ビジネスにおいて正しい意思決定を下すには、マーケティング効果を正しく測定することが欠かせません。しかし精緻な効果測定には、さまざまなハードルがあります。
たとえばメディアを横断して効果を測れるか、いかにタイムリーに効果を反映できるか、あるいは目標となるビジネス指標に最適化して効果を検証できるか。こうした課題に対して企業は常に試行錯誤を続けてきました。
そうした中で、生活者のプライバシー意識の高まりに伴い、効果測定に関する新たな課題が浮き彫りになってきました。
2018 年の GDPR(EU 一般データ保護規則)や、2020 年の CCPA(米カリフォルニア州消費者プライバシー法)に見られるように、生活者のプライバシーを保護する動きは世界的に高まり続けています。業界として、段階的なサードパーティ Cookie の廃止を発表しました。これにより、企業は従来の効果測定のあり方から、よりプライバシーへ配慮した方法へと転換が求められるようになったのです。
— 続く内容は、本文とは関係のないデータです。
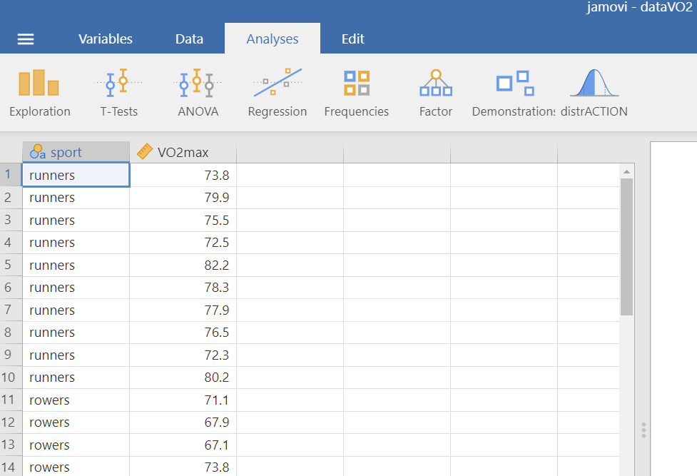 Open the dataset named “dataVO2” from the file tab in the menu: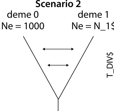 Thus, we use fastsimcoal2 to specify the following model, allowing the software to iteratively estimate our two unknown parameters, with this template (.tpl) file: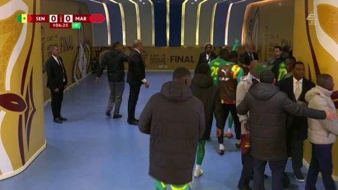 Sebagian besar skuad Senegal berjalan menuju lorong ruang ganti. Maroko, dipimpin Achraf Hakimi, tetap berdiri di tengah lapangan, kebingungan menyaksikan lawan mereka menolak melanjutkan pertandingan.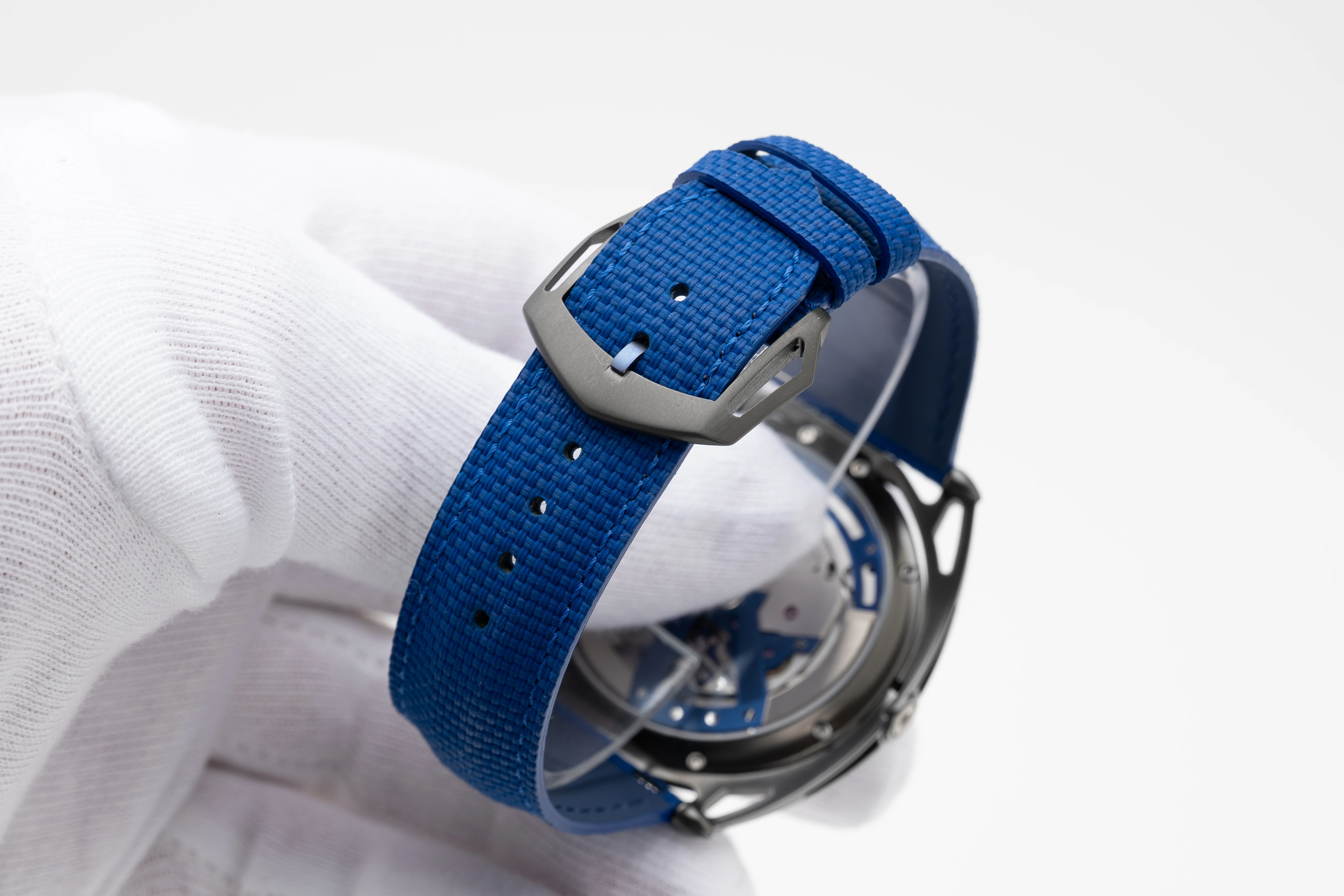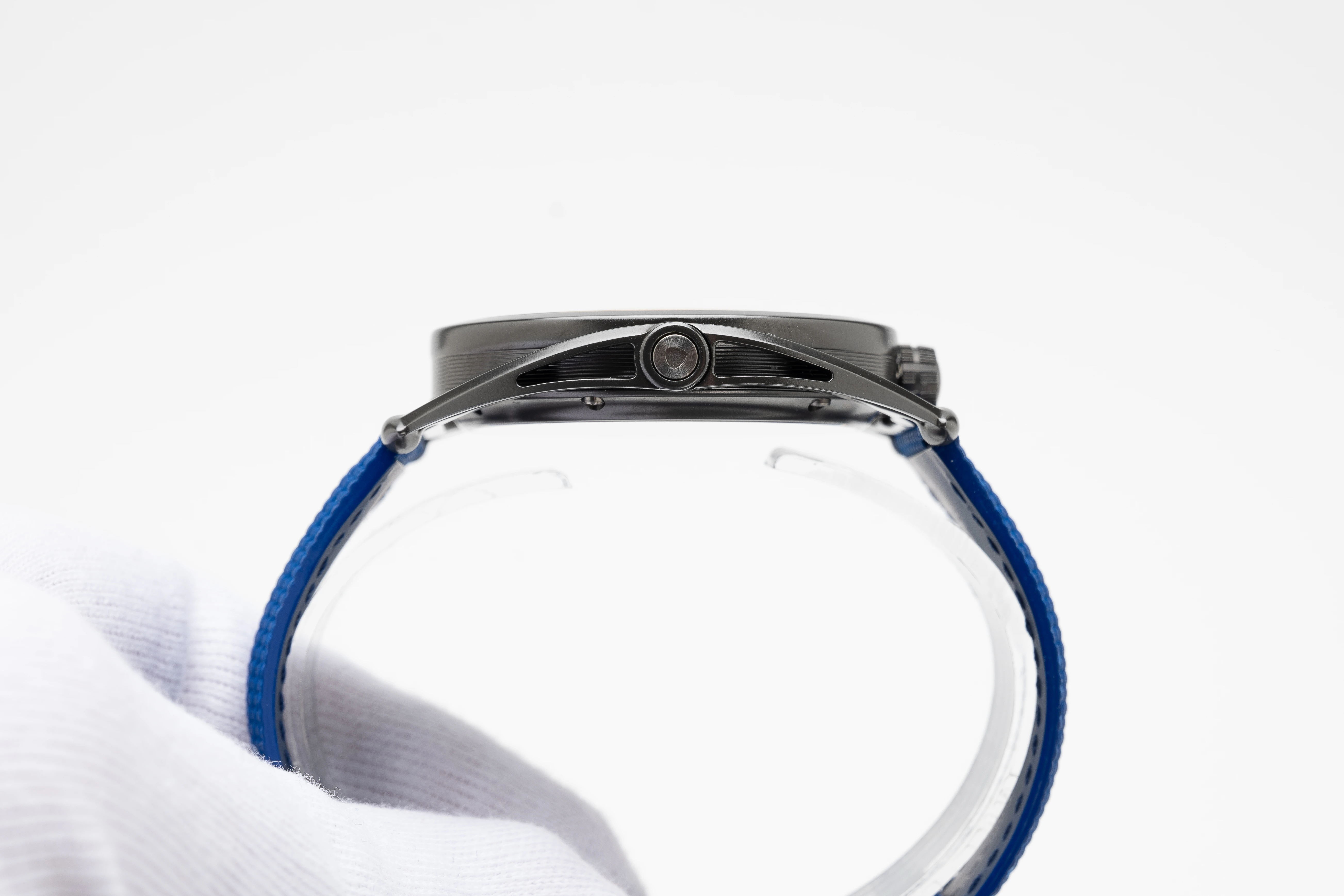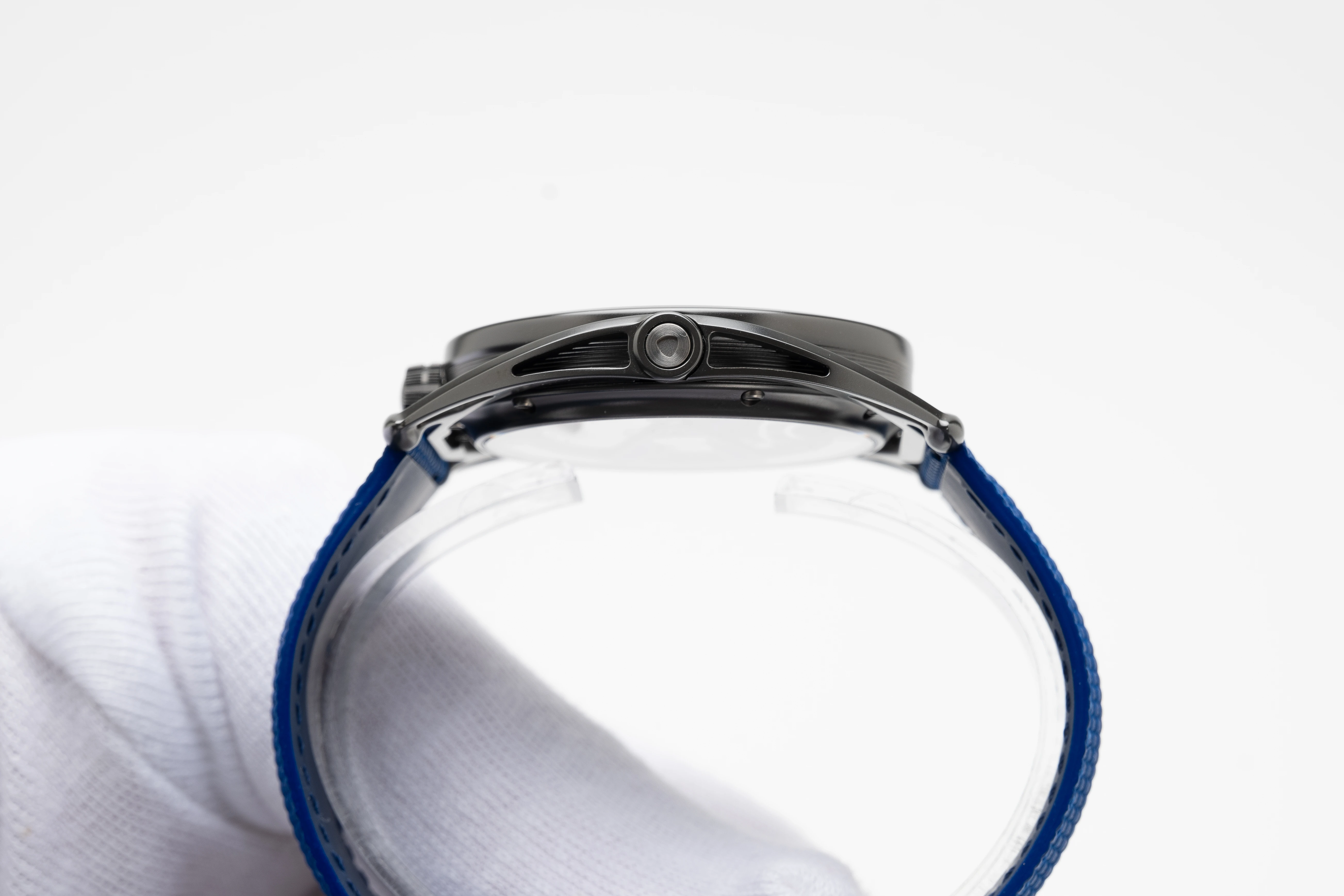 In our opinion, finding a rare version of De Bethune is a real event, considering that any watch from this brand is already a rarity. The DB27 Titan Hawk V2 Qatar Edition 20 exemplifies the identity of the De Bethune collection in general and the DB27 line in particular: It has a thin, elegant 9 mm titanium case with the brand’s signature ‘floating’, spring-loaded lugs that make the watch a real pleasure to wear on the wrist. They wrap confidently yet gently around the wrist, making you reluctant to part with them for even a second. A similar effect is achieved by the fascinating two-tone dial with a blue titanium center zone with fine concentric grooves that create a sunburst effect and stunning openworked hands in the typical DB27 design. This very rare watch is part of a special limited edition of 20 pieces, making it even more desirable.
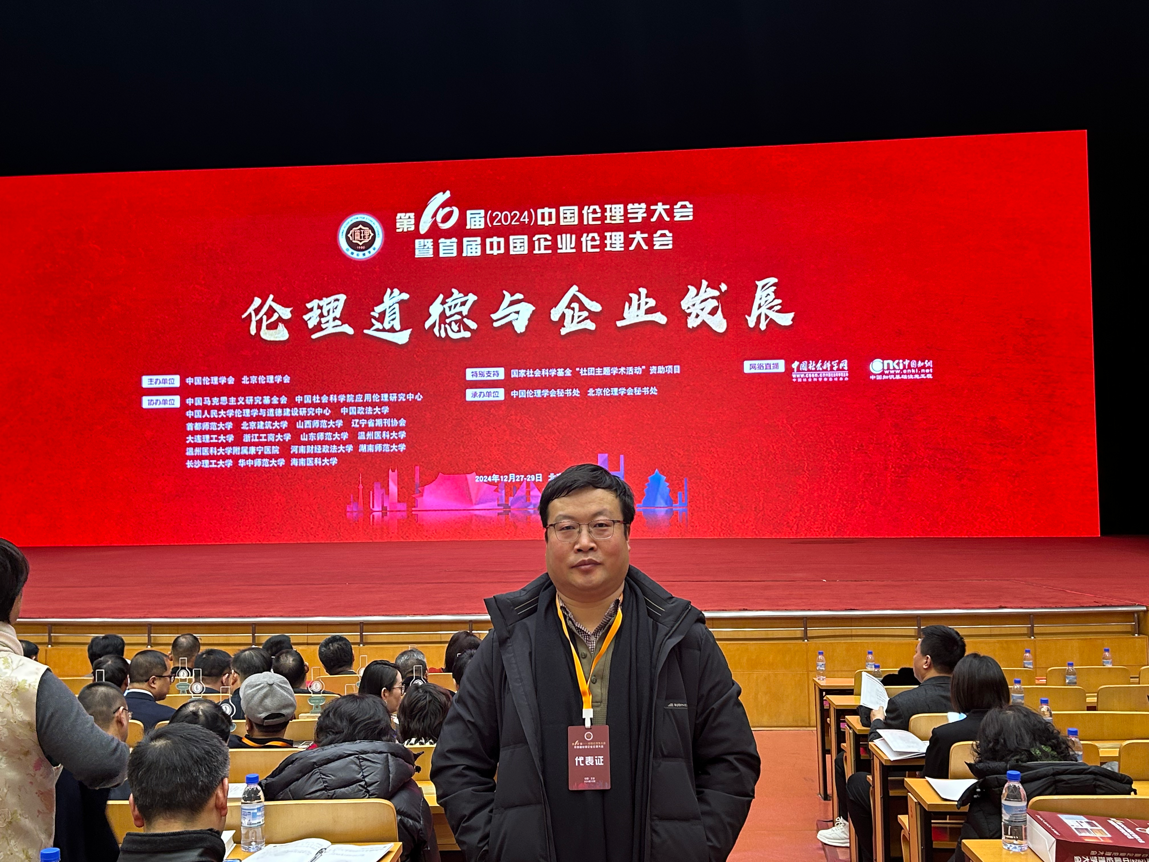 2024年12月27日至29日,第十届(2024)中国伦理学大会暨首届中国企业伦理大会在北京举行。本次大会由中国伦理学会、北京伦理学会联合主办,来自全国600多名专家学者和企业界代表出席大会。本次大会以“伦理道德与企业发展”为主题,由中国马克思主义研究基金会、中国社会科学院应用伦理研究中心、中国人民大学伦理学与道德建设中心、中国政法大学、首都师范大学、北京建筑大学、山西师范大学、辽宁省期刊协会、大连理工大学、浙江工商大学、山东师范大学、温州医科大学附属康宁医院、河南财经政法大学、湖南师范大学、长沙理工大学、华中师范大学、海南医科大学参与协办。中国社会科学网、中国知网对大会开幕式进行了现场直播。我院王世泰博士受邀参加,以论文《加速发展新质生产力进程中资本的功效及职能定位研究——以马克思关于资本的主要识见为考察》向与会学者分享了近期研究心得体会。该论文成果入选“第十届(2024)中国伦理学大会”推荐论文。

これまでのやり方では、投資対効果を正確に測定して質の高い意思決定ができなくなるため、頭を悩ませている企業も多いでしょう。こうした課題に対して、どのようにアプローチすべきでしょうか。
広告の費用対効果が悪化、ある CMO の悩み
今回は架空の物語に沿って、企業が適切な意思決定をするための効果測定について考えてみたいと思います。
なお、以下の内容はあくまで架空の話ですが、Google の広告領域の費用対効果を分析する担当者が、日本国内の数多くのクライアントと共に取り組んできた実際の広告効果測定プロジェクトからの示唆に基づいています。
あるところに、創業 10 年で全国 200 店舗に拡大したアパレル企業がありました。主に都市圏の 30 代向けに、手頃な価格でカジュアルな衣服や小物を販売。EC も展開しており、スマートフォンからの売り上げが EC 売り上げの 8 割を占めています。
急激な事業拡大に伴い、従業員数も 3,000 人を超えました。検索広告や動画広告、SNS 広告、テレビ CM に至るまで、さまざまな媒体で広告を配信しています。
この企業の CMO であるミン氏を悩ませているのは、広告の費用対効果の悪化です。特にアプリ広告は以前の 10 分の 1 にまで費用対効果が悪化していました。要因はサードパーティ Cookie の取得制限など、昨今の潮流を踏まえた技術的な環境の変化によるものでした。CEO からは「今期の利益目標は必達」と言われている中、対策が見つかっていないミン氏は焦っていました。
このアパレル企業では、四半期ごとの会議で広告の振り返りをしています。ミン氏は会議の場で各媒体のレポートを確認した後、デジタル広告の目標コンバージョン単価(CPA) の引き下げを決定しました。数値が悪化した要因は技術的な環境変化によるものだとわかってはいたものの、手立てが見つからないため、効果測定のツール上で効率が良い施策に予算を寄せるしかないと判断したのです。テレビ CM については効率が悪化しているとは思えませんでしたが、一方で売り上げへの貢献は計測できておらず実際の効果はわからなかったため、店舗の売り上げを維持するために、いったん予算を据え置きました。
こうした決断を受け、EC を統括するデジタルプロモーション部は、広告代理店に対して運用型広告の目標 CPA の引き下げを依頼しました。しかし、自分たちだけが厳しい目標を追わされ、テレビ CM を担う広告宣伝部のコスト効率には一切お咎めがないことに、不信感を覚える社員も多く、社内に不穏な空気が流れていました。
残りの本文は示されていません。